As its title announces, Wagner's book comprises three large parts: "Dimensions of Time's Enigma", "Aristotle's Real Account of Time", and "Plotinus' Vitalistic Platonism and the Real Origins of Time". The avalanche of themes discussed can in outline be described as follows.

In the first part, roughly the "today" of time's enigma, Wagner considers the possibility of time's reality, exploring the meanings of two primary senses in which time may be said to be unreal, and the consequences they may bring to the investigation of time's reality. The first is that the concept "time" would not actually denote anything; the second, that what the term "time" denotes would not be in fact time. Through the three chapters of this part, Wagner discusses (not only, but mainly) contemporary approaches to time, especially approaches based on internalization of time and approaches based on the Theory of Relativity; also discussed is McTaggart's contribution to the philosophy of time, which has been rendered fallaciously until now as a denial of time's reality, according to Wagner (6).

Wagner boldly avers his conception of time right from the outset: there are two epigraphs to the book, one by Saint Augustine and the other by Wagner himself, in which he states: "time is the feature of existence in virtue of which, as its contents and constituents proceed and change, what was no longer is and what will be is not yet" (v). With such conception of time, one can foresee that Wagner will refute internalization approaches (since they "either in fact constitute denials of time's reality or else they simply do not address the question", 4), and also "static conceptions" of time (e.g. Relativity's space-time, which, being "static conceptions of time in fact are not conceptions of time's real nature but rather constitute denials of its reality", 5).
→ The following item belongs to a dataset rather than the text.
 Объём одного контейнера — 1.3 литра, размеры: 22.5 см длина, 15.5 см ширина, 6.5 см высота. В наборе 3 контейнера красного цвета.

It is impossible to fairly reproduce Wagner's long discussions, but I am afraid that other readers will feel the same as I did: the elements of Wagner's conception of time, by which he measures, analyses, and refutes other conceptions, are not philosophically clear and defined: what is "a feature of existence"? Whose existence? Is there a difference between "contents" and "constituents"? Even the distinction between "static" and "dynamic" conceptions of time requires more elaboration than that given in the book (60-2): the classification of Einstein's conception of time (or "contemporary scientific Eleaticism") as a "static" one, suggesting that it cannot account for the change implied by time, is a petitio principii, for its fundamental argument is the vague and instinctive assertion that time's nature is "dynamic", and that discussing the question otherwise is not addressing the question or failing to see time's "real" nature (cf. 62-3).
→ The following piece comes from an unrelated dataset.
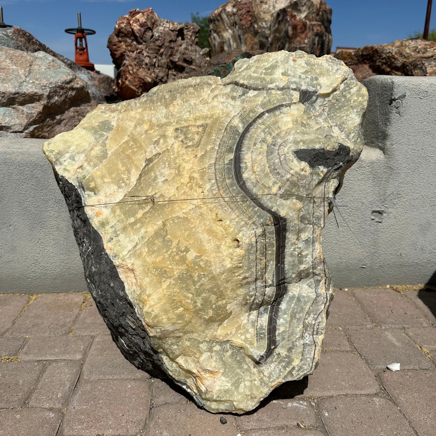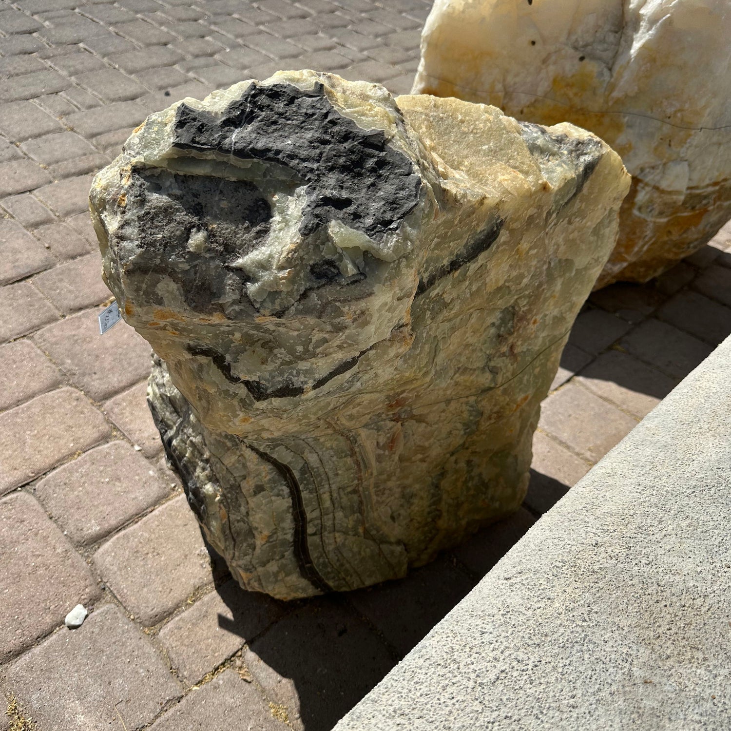 This Green & Gray Onyx Boulder Fountain - with a Shield Shape is a premium natural stone outdoor water feature designed for backyards, courtyards, patios, and garden landscapes. Its a blend of green and gray tones paired with a shield-like face and a substantial boulder-like form that brings sculptural presence make it a striking focal point for any tranquil outdoor setting. The fountain’s flow encourages relaxation with soothing sound and movement, helping your outdoor space feel calm and inviting. Create a peaceful, eye-catching focal point for your desert landscape. Let Rare Earth Gallery’s white-glove service make your fountain dreams come true—simply choose your fountain, tell us where it goes, and we’ll handle the rest, from delivery to installation. IMPORTANT: the purchase price listed is for the FOUNTAIN ONLY and DOES NOT INCLUDE the cost of a basin, pump, parts or installation. Before purchasing a fountain online, we STRONGLY recommend you call us at (480) 575-4360 for a FREE consultation to discuss these additional costs and schedule a pre-site inspection. Also, free shipping does NOT apply to fountains, please call for a quote.

The second part is a study of Aristotle's investigation of time in Physics IV and VI. To Wagner, "contemporary scholarship has treated Aristotle's investigation superficially and piecemeal", failing to see that, for him, "time is real in some intermediate sort of way" (p. 8), being neither entirely real nor entirely unreal. As with part one, this second part comprises dozens of interrelated investigations.

Part three focuses on Plotinus, to which Wagner also claims to take "a novel approach", "positing that Plotinus' account of time is most properly and accurately understood by locating it firmly in the Classical tradition of Greek naturalism, wherein time is real if and only if the natural universe is in reality a (the) temporal universe. This aspect of Plotinus' account is typically overlooked owing…to an inadequate understanding of and attention to his philosophical methodology" (12).

I cannot understand why Wagner overlooks many complexities of Plotinus' treatise "On Eternity and Time" (III.7 [45]). One single example: the striking first person plural eirgasmetha, in III.7.11.20 ("we have constructed time as an image of eternity"), is not even mentioned by Wagner, who seems to take for granted that the World Soul is responsible for the production of time.

Having so crudely summarized the book's content, I must state my admiration for Wagner before presenting features of this book which I find difficult to assess and sometimes even unacceptable.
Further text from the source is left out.